Иногда ему самому казалось непостижимым, зачем он связал свою судьбу с этими стареющими людьми. Некоторые были настолько сварливы, что он – а это было ему не свойственно – начал избегать их, а по крайней мере четверо медленно и тяжело передвигались с ходунками и практически не выбирались из лазарета. Один из монахов, брат Фабиан, без конца жаловался в письмах Папе на то, что творится вокруг, и расклеивал копии в коридорах. У брата Бэзила был какой-то странный тик, и он вдруг выкрикивал Шип!», когда пел хор или в разгар какого-нибудь другого священнодействия. Мил! Что это значило? Вначале это сводило брата Томаса с ума. Но брат Бэзил был, по крайней мере, добрым, не таким, как отец Себастьян.
Брат Томас не из тех, кто идеализирует монастыри, а если бы и был, то его иллюзии улетучились бы через неделю.
Просто его печаль разверзлась еще большей бездной.
«Я приехал сюда не ради ответов, – записал он в своей книжке в тот первый год, – а чтобы научиться жить в мире безо всего и безо всех».
Если честно, то за три года его трижды выгоняли из монастыря, пока аббат, отец Энтони, окончательно не принял его. Брат Томас был уверен, что это не потому; что аббат изменил свое мнение о нем, а потому, что он слишком ему надоел. И еще потому, что им нужен был мужчина помоложе, кто-нибудь, кто мог бы добираться по лестнице до деревянных перекрытий церкви и вворачивать лампочки, кто разбирался бы в компьютерах и знал, что слово «перезагрузка» не обязательно значит, что речь идет о каких-то грузах, как, похоже, думали некоторые монахи. Прежде всего им нужен был кто-то, кто мог бы плавать на их маленькой лодке по протокам, измерять и взвешивать яйца цапель, пересчитывать выводки и брать пробы воды на соленость – работа, которую монастырь подрядился выполнять для южнокаролинского министерства природных ресурсов, чтобы получить дополнительный доход. Брат Томас был счастлив заниматься ею. Ему нравилось пропадать на птичьих базарах.

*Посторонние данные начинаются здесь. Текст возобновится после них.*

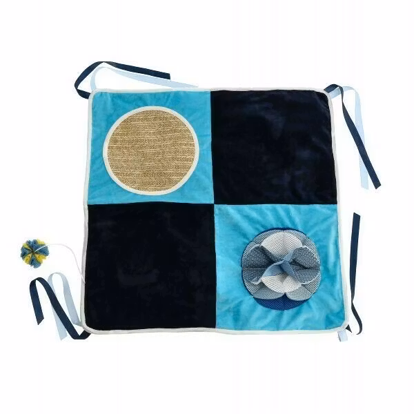 Ge din katt en lekmiljö full av stimulans och nöje med Aktiveringsleksak Nettan. Denna prasslande lekmatta är designad för att tillfredsställa din katts naturliga instinkter och ge oändliga lekstunder. Mattan är tillverkad av prasselmaterial som fångar kattens uppmärksamhet, och sidenbanden i hörnen uppmuntrar till lek och bus.
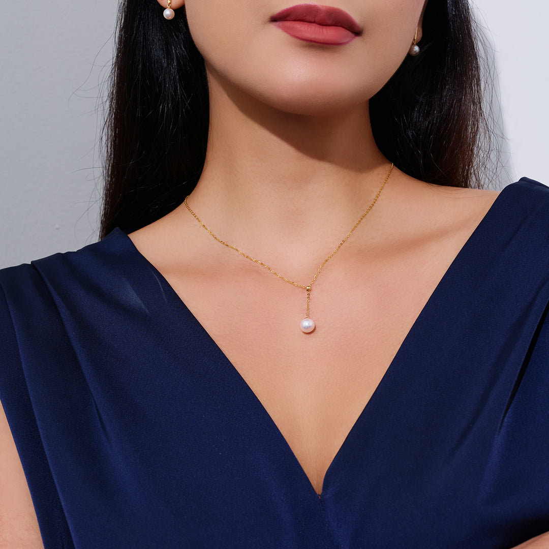 Elegant Freshwater Pearl 18K Solid Gold Necklace KN00008 - PEARLY LUSTRE
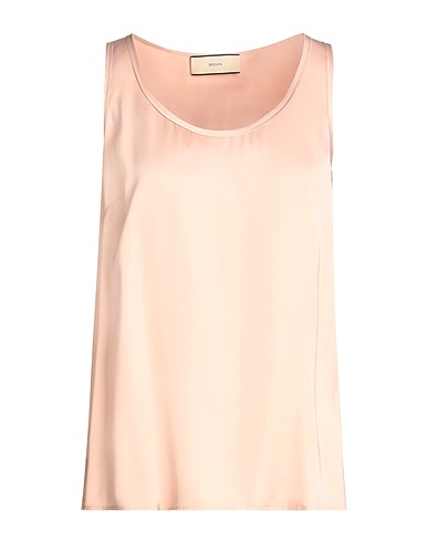 top, satin, solid color, no appliqués, crewneck, sleeveless, side slit hemline
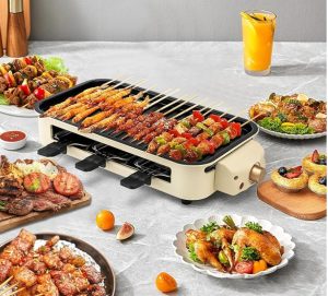 原价$55.99! 采用1700W高效加热系统,支持双层同步烹饪。上层配备大面积不粘烧烤网,适合烤肉、海鲜和蔬菜;下层带有独立小烤盘,可制作芝士焗餐或煎蛋。分体式结构方便拆卸清洗,不粘涂层更耐用。旋钮式控温操作简单,让你在家就能轻松享受无烟烧烤的乐趣
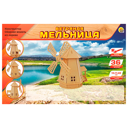 Модель из дерева " Рыжий кот " 2 Big Ветряная мельница, состав набора: 2 фанерных листа формата А4 с деталями, размер изделия 13*17*22см, в термоусадочной пленке
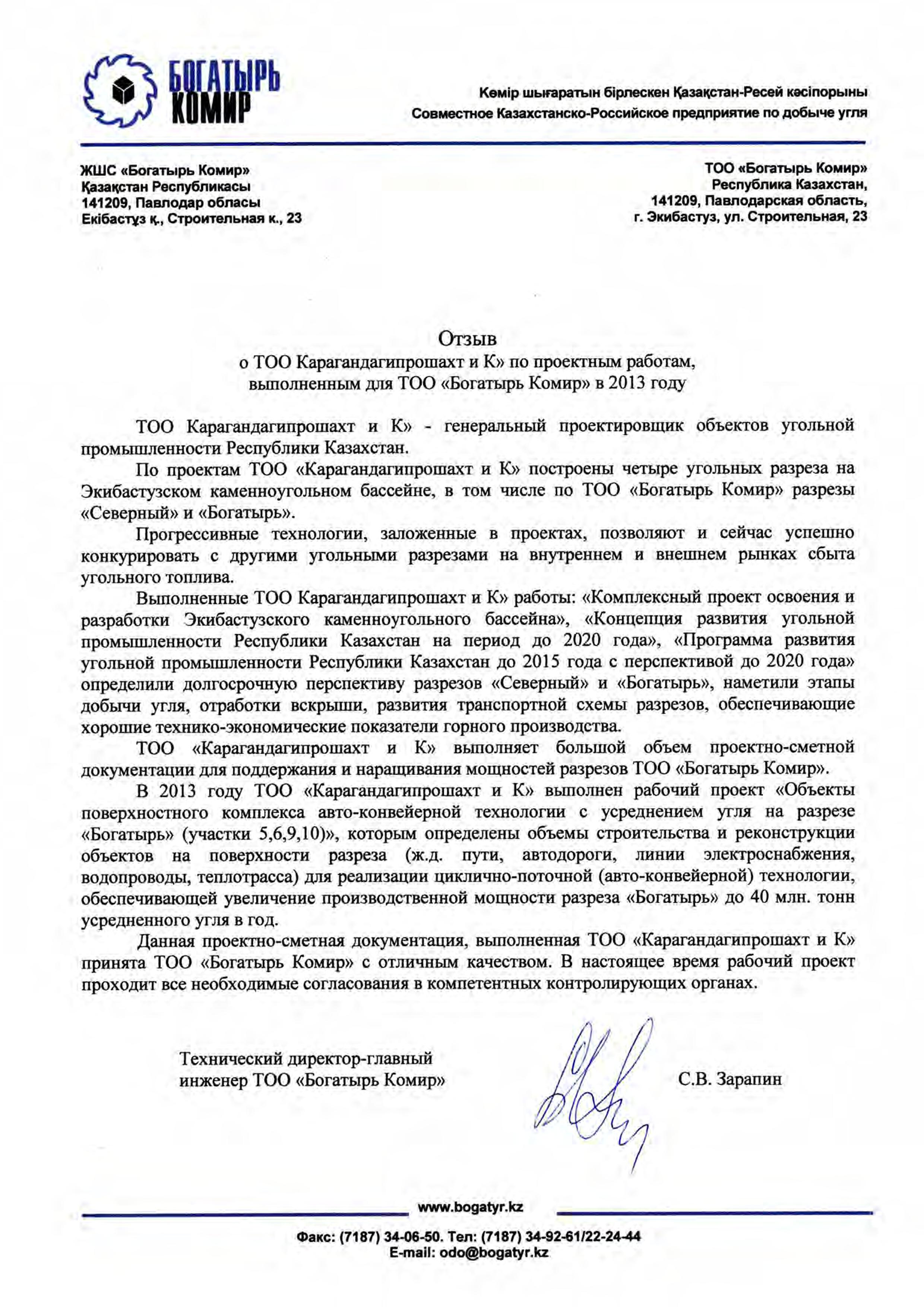 ТОО "Богатырь Комир" 2013г.

Его руки начали слегка побаливать возле локтей. Он переменил позу и повернул голову в другую сторону. Он видел церковь, как могла бы ее увидеть мышь. Как жук. Не отрывая головы от пола, он закатил глаза, посмотрел вверх, и ему показалось, что он лежит на дне мира. Место, откуда все лестницы берут начало, – так, кажется, написал Йетс? Здесь, в монастыре, он подолгу читал, преимущественно поэзию, систематически беря один том за другим в библиотеке. Йетс нравился ему больше всех.
Лежа на полу, брат Томас почувствовал, что самомнения в нем становится меньше, и его осенило, что всем важным персонам – конгрессменам, кардиналам – неплохо бы немного полежать здесь. Пусть полежат, посмотрят вверх и увидят, насколько иным все может показаться.
Он не спорил, что, прежде чем приехать сюда, чересчур важничал. Дела, которые он вел – большинство на высоком уровне, – часто позволяли его имени и фотографиям мелькать на первых страницах газет штата, и временами он все еще думал о той жизни с ностальгией. Он вспомнил, как однажды помешал крупной компании по производству земляных работ вывозить буровую грязь из Нью-Йорка, и как потом попал на страницы «Нью-Йорк тайме», и про все телеинтервью, которые тогда давал. Память об этом согревала.